Work to complete: Give back the whole listing exactly as written, leaving out each picture.

Supplied material:
++++

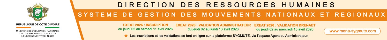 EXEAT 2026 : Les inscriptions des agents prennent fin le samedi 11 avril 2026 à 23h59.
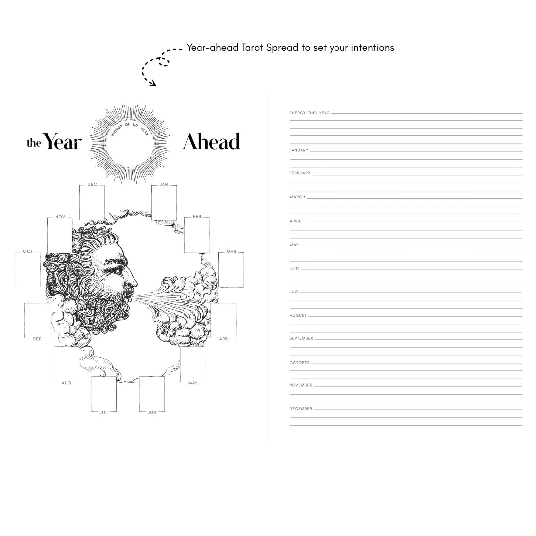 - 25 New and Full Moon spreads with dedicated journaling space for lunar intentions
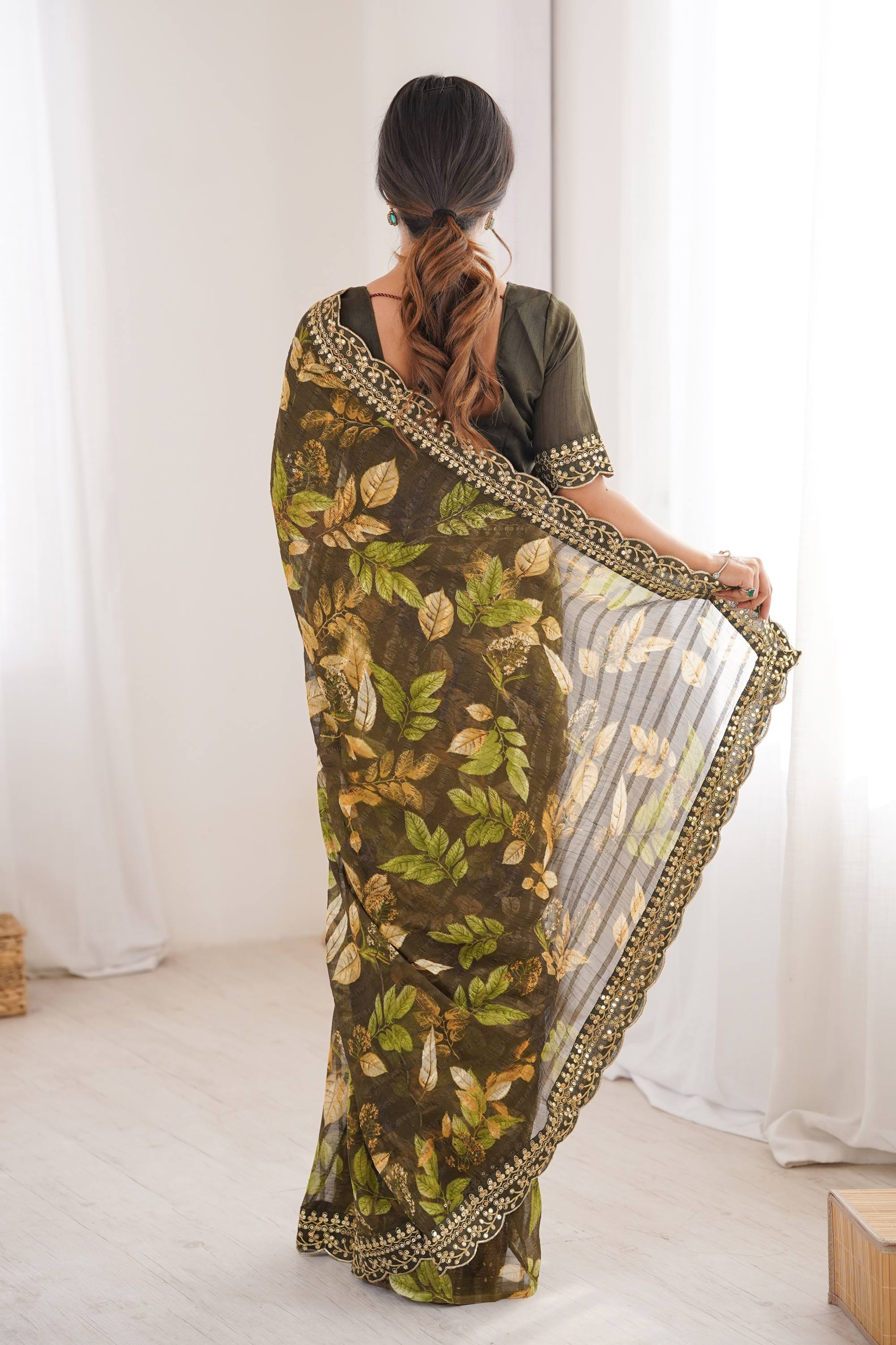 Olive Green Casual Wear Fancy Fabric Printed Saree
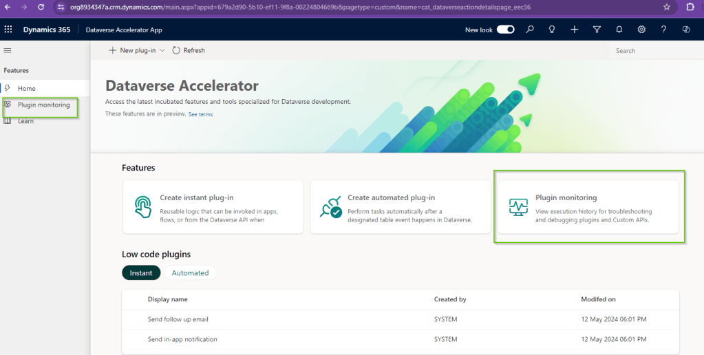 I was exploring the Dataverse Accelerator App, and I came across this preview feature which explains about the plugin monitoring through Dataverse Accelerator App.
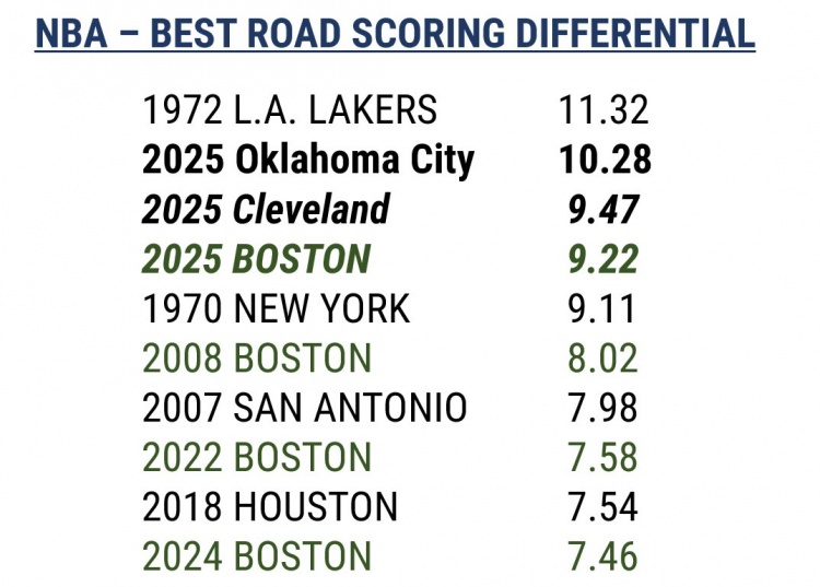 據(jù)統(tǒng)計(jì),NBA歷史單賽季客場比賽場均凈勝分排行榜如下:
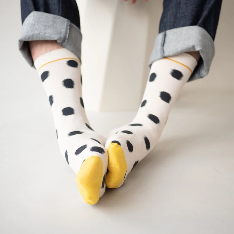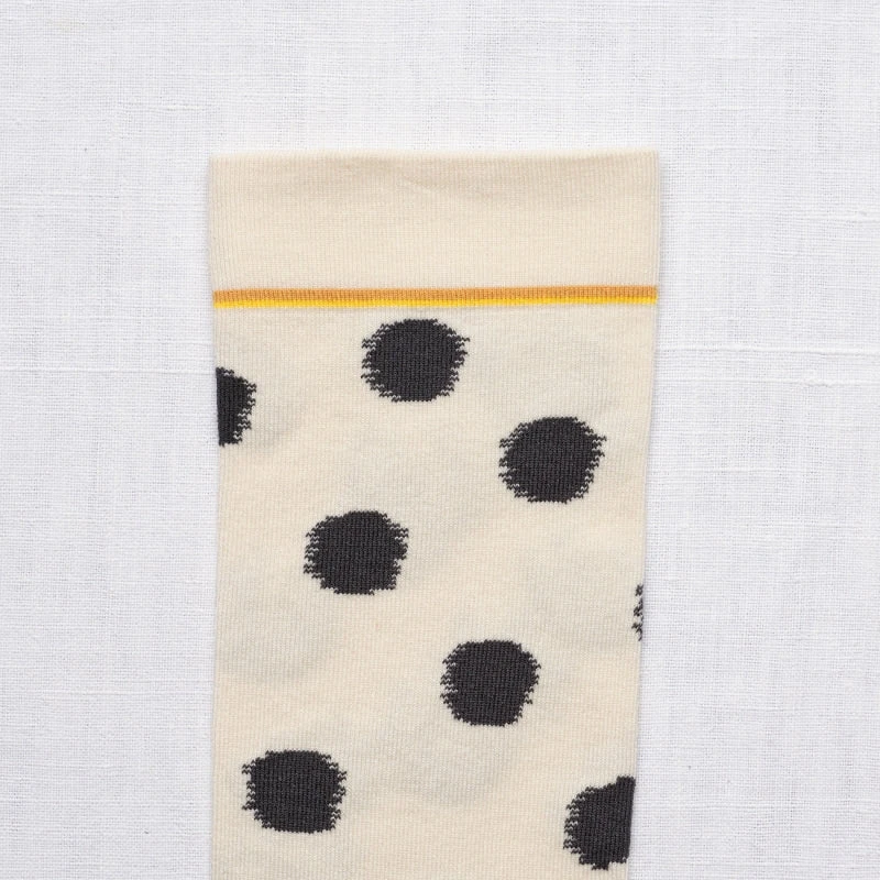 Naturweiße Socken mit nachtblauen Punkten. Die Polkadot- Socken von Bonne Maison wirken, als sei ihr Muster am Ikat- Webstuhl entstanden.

++++

Result:
 EXEAT 2026 : Les inscriptions des agents prennent fin le samedi 11 avril 2026 à 23h59.
 - 25 New and Full Moon spreads with dedicated journaling space for lunar intentions
 Olive Green Casual Wear Fancy Fabric Printed Saree
 I was exploring the Dataverse Accelerator App, and I came across this preview feature which explains about the plugin monitoring through Dataverse Accelerator App.
 據(jù)統(tǒng)計(jì),NBA歷史單賽季客場比賽場均凈勝分排行榜如下:
 Naturweiße Socken mit nachtblauen Punkten. Die Polkadot- Socken von Bonne Maison wirken, als sei ihr Muster am Ikat- Webstuhl entstanden.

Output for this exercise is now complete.